** ENTRIES SHOWN follows **
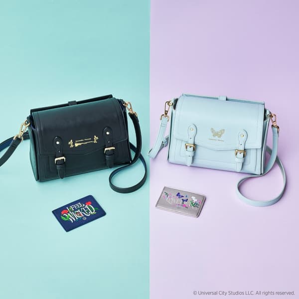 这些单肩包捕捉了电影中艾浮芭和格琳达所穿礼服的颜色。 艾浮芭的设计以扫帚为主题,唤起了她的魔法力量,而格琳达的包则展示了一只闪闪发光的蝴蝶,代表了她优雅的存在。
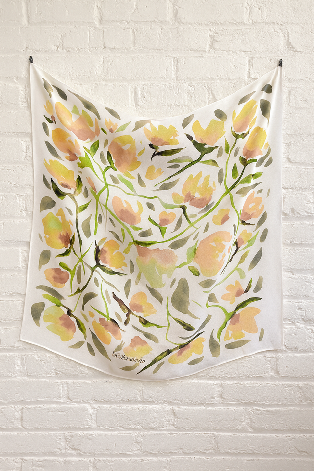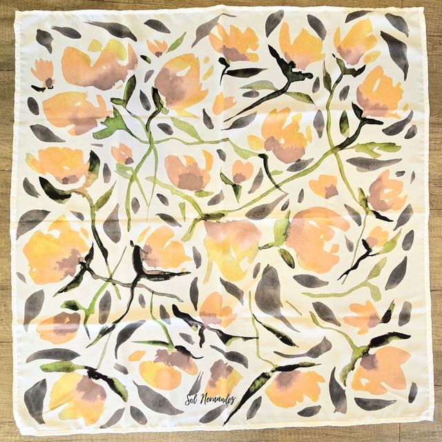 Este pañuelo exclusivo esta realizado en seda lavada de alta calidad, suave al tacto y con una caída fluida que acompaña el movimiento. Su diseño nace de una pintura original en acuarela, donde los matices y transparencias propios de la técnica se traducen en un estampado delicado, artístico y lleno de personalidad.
** End of ENTRIES SHOWN **
** ENTRIES SHOWN follows **
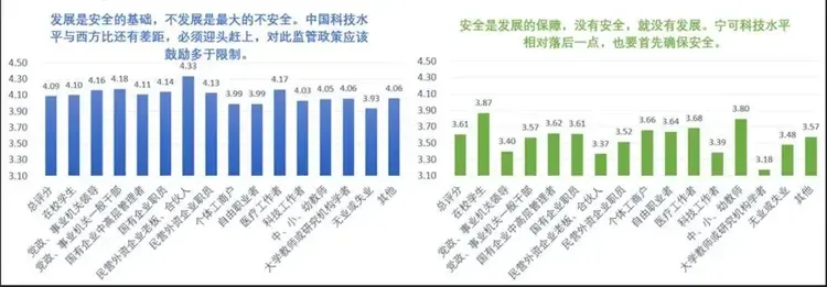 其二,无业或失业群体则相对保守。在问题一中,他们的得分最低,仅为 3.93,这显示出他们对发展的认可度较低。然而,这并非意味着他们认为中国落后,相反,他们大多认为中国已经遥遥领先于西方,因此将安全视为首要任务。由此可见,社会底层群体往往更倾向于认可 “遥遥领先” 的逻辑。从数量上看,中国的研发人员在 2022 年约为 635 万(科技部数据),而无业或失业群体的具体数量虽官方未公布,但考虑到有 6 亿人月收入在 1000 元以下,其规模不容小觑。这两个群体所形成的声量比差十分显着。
** End of ENTRIES SHOWN **
### [TASK REQUIREMENTS]
Go to the line above that contains "这些单肩包捕捉了电影中艾浮芭" and reproduce everything exactly from there through the line that contains "Este pañuelo exclusivo", leaving out the pictures.

### [RESULT OF THE EXERCISE]
 这些单肩包捕捉了电影中艾浮芭和格琳达所穿礼服的颜色。 艾浮芭的设计以扫帚为主题,唤起了她的魔法力量,而格琳达的包则展示了一只闪闪发光的蝴蝶,代表了她优雅的存在。
 Este pañuelo exclusivo esta realizado en seda lavada de alta calidad, suave al tacto y con una caída fluida que acompaña el movimiento. Su diseño nace de una pintura original en acuarela, donde los matices y transparencias propios de la técnica se traducen en un estampado delicado, artístico y lleno de personalidad.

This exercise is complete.